- Exercise -
When a picture appears in the listing, leave it out and copy the rest exactly as it stands.

- Given data -

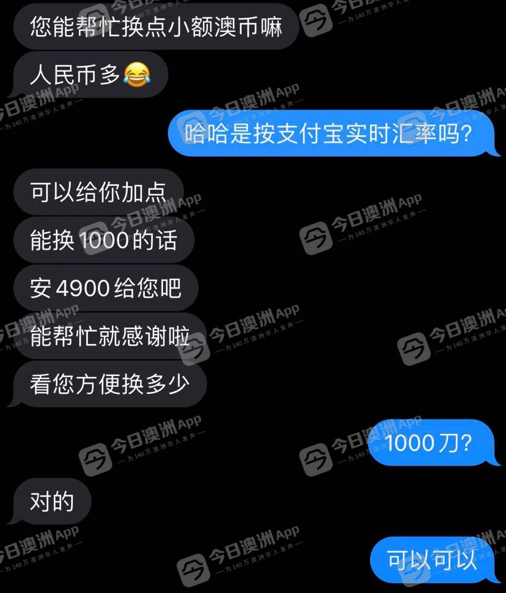 很快,对方询问是否能“帮忙换点小额澳币”,语气诚恳客气。
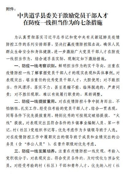 疾風(fēng)知?jiǎng)挪?,板蕩識(shí)誠(chéng)臣。自新型冠狀病毒肺炎疫情防控阻擊戰(zhàn)打響以來(lái),道孚縣各級(jí)黨組織和黨員、干部主動(dòng)擔(dān)當(dāng)作為,積極投入疫情防控最前線,為有力防控疫情蔓延作出重要貢獻(xiàn)。近日,道孚縣委印發(fā)《中共道孚縣委關(guān)于激勵(lì)黨員干部人才在防疫一線擔(dān)當(dāng)作為的七條措施》,關(guān)心關(guān)愛(ài)、激勵(lì)引導(dǎo)廣大黨員、干部、各類(lèi)人才在疫情防控一線履職盡責(zé)、擔(dān)當(dāng)作為、安心戰(zhàn)斗。
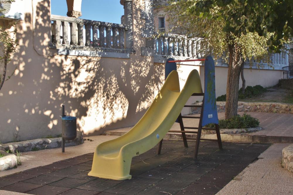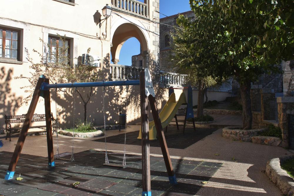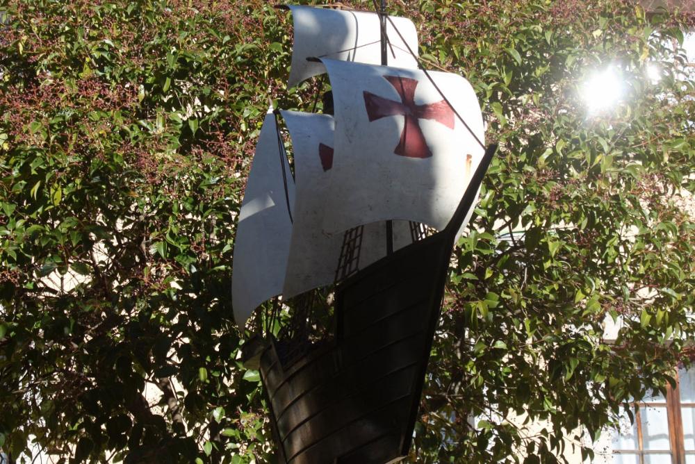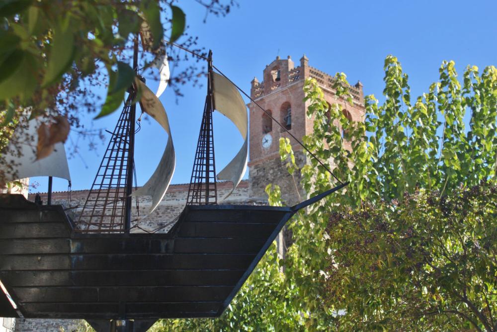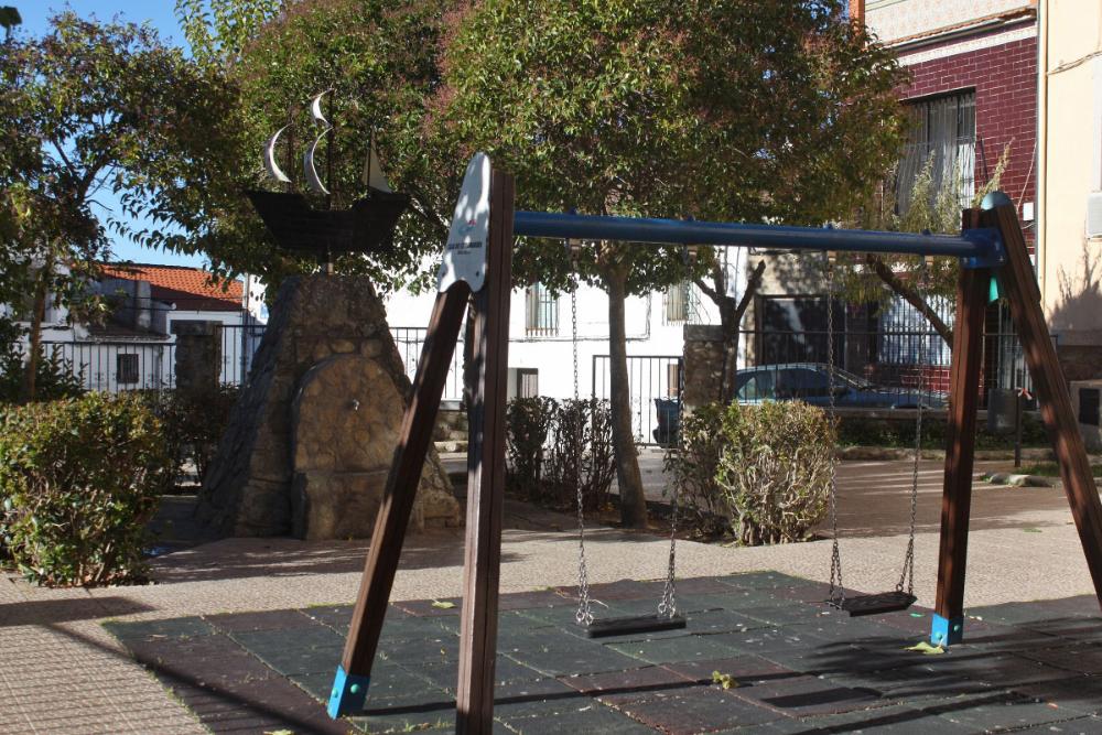 El parque se instala en una terraza intermedia entre la plaza y la calle del castillo. No es grande, pero sí muy coqueto: bellamente ajardinado y con una escultura central de un barco, concretamente una carabela como las del descubrimiento de América.

- Solution for this problem -
 很快,对方询问是否能“帮忙换点小额澳币”,语气诚恳客气。
 疾風(fēng)知?jiǎng)挪?,板蕩識(shí)誠(chéng)臣。自新型冠狀病毒肺炎疫情防控阻擊戰(zhàn)打響以來(lái),道孚縣各級(jí)黨組織和黨員、干部主動(dòng)擔(dān)當(dāng)作為,積極投入疫情防控最前線,為有力防控疫情蔓延作出重要貢獻(xiàn)。近日,道孚縣委印發(fā)《中共道孚縣委關(guān)于激勵(lì)黨員干部人才在防疫一線擔(dān)當(dāng)作為的七條措施》,關(guān)心關(guān)愛(ài)、激勵(lì)引導(dǎo)廣大黨員、干部、各類(lèi)人才在疫情防控一線履職盡責(zé)、擔(dān)當(dāng)作為、安心戰(zhàn)斗。
 El parque se instala en una terraza intermedia entre la plaza y la calle del castillo. No es grande, pero sí muy coqueto: bellamente ajardinado y con una escultura central de un barco, concretamente una carabela como las del descubrimiento de América.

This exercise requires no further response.